Пелагея перекрестила его и взялась за плетенку. Васятка подхватил ящики и мольберт.
На берегу реки Черепашки их поджидали лодки. В одной, устланной большим ковром, разместился сенатор со своими гостями, которые не переводились у него. Рядом стояли еще три лодки поменьше с гребцами и слугами. Некоторые слуги имели ружья и после поимки заметайловской ватаги опасались выезжать в путь без оружия.
Бекетов решил добраться до монастыря протоками, по пути показать гостям красоту здешних мест, а в монастырь велел наперед прислать пять карет, чтоб затем сушей приехать в город.
Едва Васятка сел в лодку, как хлопнул выстрел. Сам сенатор пальнул из пистоля, давал сигнал к отплытию. И враз рванули гребцы. Берег стал уплывать, отдаляться. Вот и лица матери почти не видно, заслонили прибрежные камыши, только затейливые маковки церкви поплыли над зеленой стеной тростника. Церковь в Началове была украшена благолепно и пышно. Не раз заходил туда не столько помолиться, сколько посмотреть роспись под куполом. Там, в вышине, будто парила в воздухе огнекрылая дева на золотом престоле, держа в руке посох. На голове девы венец, ноги в золотой обуви — опираются на круглый пестрый камень. В первый же раз узнал Васятка, что изображена под куполом Софья — премудрость божья. А лик будто бы велел сделать Бекетов с императрицы Елизаветы Петровны. Когда Васятке попадались портреты императрицы, он бежал в церковь и сличал. Да только попадались мальчишке гравюры, к тому же плохих оттисков. Так и не мог понять Васятка, правду ли говорили в народе, а спросить сенатора боялся. И вот теперь, глядя на уплывающие главы, думал, что обязательно добудет цветной портрет Елизаветы, привезет в Началово и разом решит свои сомнения.
Но вот и главы растаяли в знойном мареве. А по берегам удивительное буйство зелени и голубой водный простор. Все привлекало внимание Васятки, все останавливало его цепкий взор. Вон босой мужик забрел в воду и силится столкнуть севшую на мель плоскодонку; вон серая цапля тяжело взлетела, держа в клюве мелкую рыбину; у самого борта ударил хвостом огромный сом.
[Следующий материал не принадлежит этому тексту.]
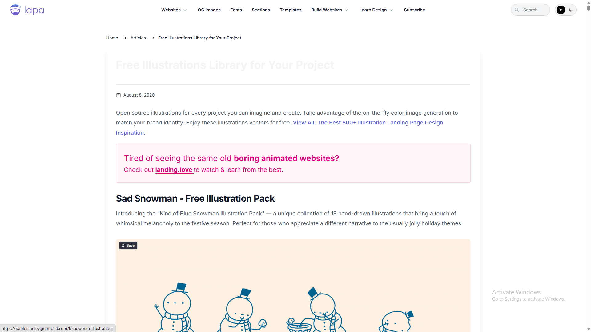 A curated collection of free illustration libraries handpicked by Lapa Ninja for designers.
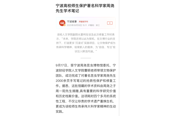 【界面新闻】宁波高校师生保护著名科学家周尧先生学术笔记
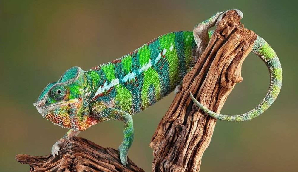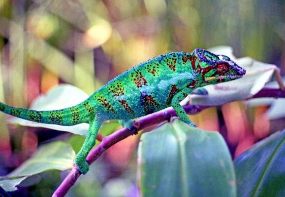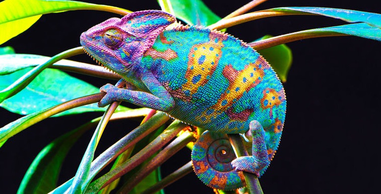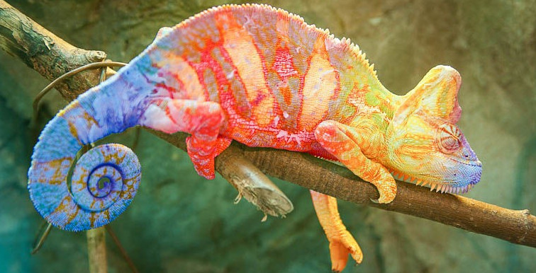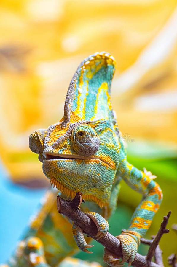Красочный разноцветный хамелеон.

К вечеру свернули в Болду — реку быструю, но неширокую. Здесь, на самом мысу, у слияния с Волгой, раскинулась знаменитая своими рыболовными угодьями обитель. Высокие тополя, будто стражи, теснились на береговом валу. Заходящее солнце золотом обрызгало верхушки зеленых великанов. Сам монастырь был почти в тени и, будто нарисованный, отражался в сверкающей глади.
Еще издали Васятка любовался и массивным барабаном, венчающим главный собор, завершаемым мягким контуром шлема, и шестигранной колокольней, горделиво взметнувшейся к небу, и трапезной палатой с отдельной церковкой.
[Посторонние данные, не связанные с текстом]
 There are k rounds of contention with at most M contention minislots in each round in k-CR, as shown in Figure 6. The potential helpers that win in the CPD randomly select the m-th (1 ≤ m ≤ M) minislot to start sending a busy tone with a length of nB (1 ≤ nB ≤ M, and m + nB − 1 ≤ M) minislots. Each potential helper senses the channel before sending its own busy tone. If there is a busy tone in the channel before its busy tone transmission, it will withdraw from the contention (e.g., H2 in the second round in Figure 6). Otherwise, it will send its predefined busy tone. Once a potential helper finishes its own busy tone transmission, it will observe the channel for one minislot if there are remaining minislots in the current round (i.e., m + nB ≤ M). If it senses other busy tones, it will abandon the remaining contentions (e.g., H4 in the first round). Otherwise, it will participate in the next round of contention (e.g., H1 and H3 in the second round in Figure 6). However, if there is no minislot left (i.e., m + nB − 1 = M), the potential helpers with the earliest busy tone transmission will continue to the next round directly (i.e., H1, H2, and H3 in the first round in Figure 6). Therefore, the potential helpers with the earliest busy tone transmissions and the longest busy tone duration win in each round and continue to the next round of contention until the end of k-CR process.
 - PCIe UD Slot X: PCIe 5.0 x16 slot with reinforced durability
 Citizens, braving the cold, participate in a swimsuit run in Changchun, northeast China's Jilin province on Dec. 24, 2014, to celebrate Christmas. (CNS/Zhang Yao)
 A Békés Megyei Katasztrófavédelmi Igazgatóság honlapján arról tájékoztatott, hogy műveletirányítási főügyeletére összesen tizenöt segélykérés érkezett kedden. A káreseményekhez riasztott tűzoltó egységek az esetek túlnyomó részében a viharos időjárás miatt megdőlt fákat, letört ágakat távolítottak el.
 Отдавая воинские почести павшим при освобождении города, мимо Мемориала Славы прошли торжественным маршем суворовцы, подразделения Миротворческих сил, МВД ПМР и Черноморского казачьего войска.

Но вблизи колокольня была еще чудеснее. Эти плоские лопатки по углам, и опоясывающие легкие декоративные ленты вокруг, и многоярусные каменные кокошники — все это создавало незабываемую, живописную пирамиду над шестигранным мощным столбом.
Ровный торжественный звон стлался над водой, призывая ко всенощной. Лодки друг за другом приставали к деревянной пристани. Сенатора бережливо взяли под руки и повели по зыбкому помосту к берегу. Васятка сошел последним. Он все дивился чудному виду с реки. По сходням шел, думая лишь об одном — скорей бы настало утро и можно было приняться за работу.
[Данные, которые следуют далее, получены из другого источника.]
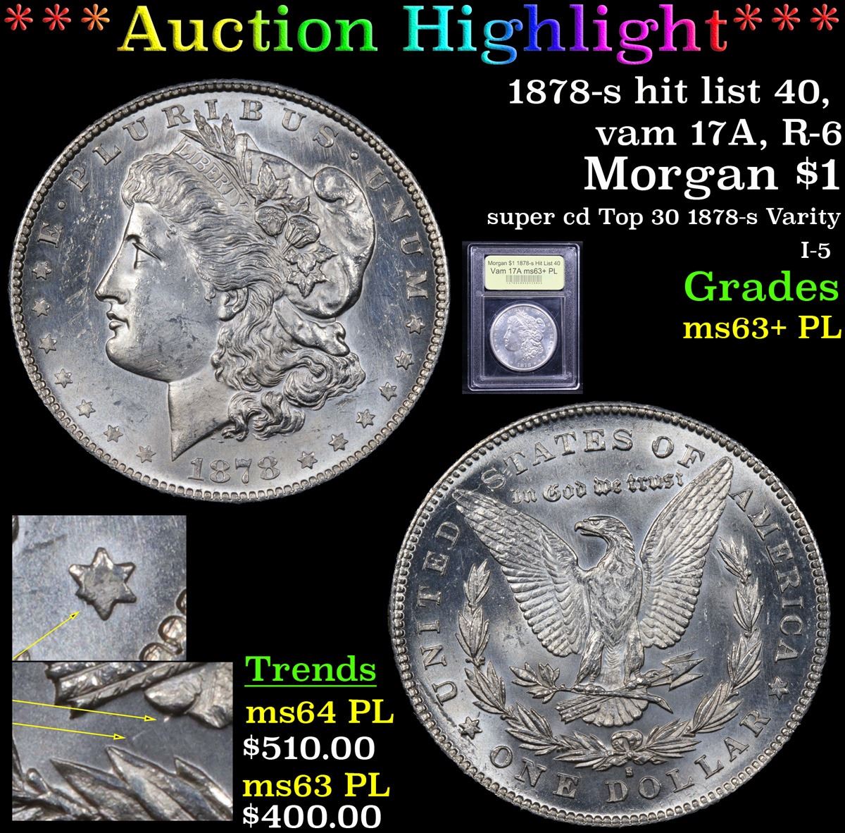 ***Auction Highlight*** 1878-s hit list 40, vam 17A, R-6 Morgan Dollar $1 Graded Select Unc+ PL By USCG. 1878-S VAM-17A: I-5 R-6 - This coin is a Hit List 40 and a Super CD, This is a Top 30 1878-S Die Variety. The pick up points are, the Point of fourth right star completely missing. Slightly raised denticle impressions thru OLL in DOLLAR, below OL and four slanted impressions below left tail feathers. The Vam 17A has the most clashed denticles discovered on any Morgan.This is member of the "Super CD" list of the most desirable clashed dies and a Hit List 40 VAM. A Corey's Pick, Bid to Win, Don't let it get Away Coin

У главных ворот толпились богомольцы — мужики и бабы. Многие пришли издалека и переобувались, торопясь в церковь. Ближе к входу, на земле, сидели нищие и калеки. Заглушая говор богомольцев, они что-то бубнили свое, и над этим разнобоем голосов и звуков плыла властная волна колокольного звона.
…Рано утром, едва только солнце заглянуло в высокое окно гостевой палаты, Васятка, озираясь на спящих, стал одеваться. Взял мольберт, уложил картон и краски. Сходя с высокого крыльца, лицом к лицу столкнулся с Бекетовым, который ночевал в настоятельских покоях. Сенатор был уже на ногах. На плечи наброшен дорожный камзол, в руках трость. Рядом с Бекетовым управитель заспанно таращил маленькие глазки и похлопывал плетью по голенищам сапог.
— Вот и хорошо, Васятка, ты и собран. Сейчас тронемся. Карандаши и бумаги при тебе? — строго спросил Бекетов.
— Куда тронемся-то, Никита Афанасьевич? Я монастырь хотел изобразить.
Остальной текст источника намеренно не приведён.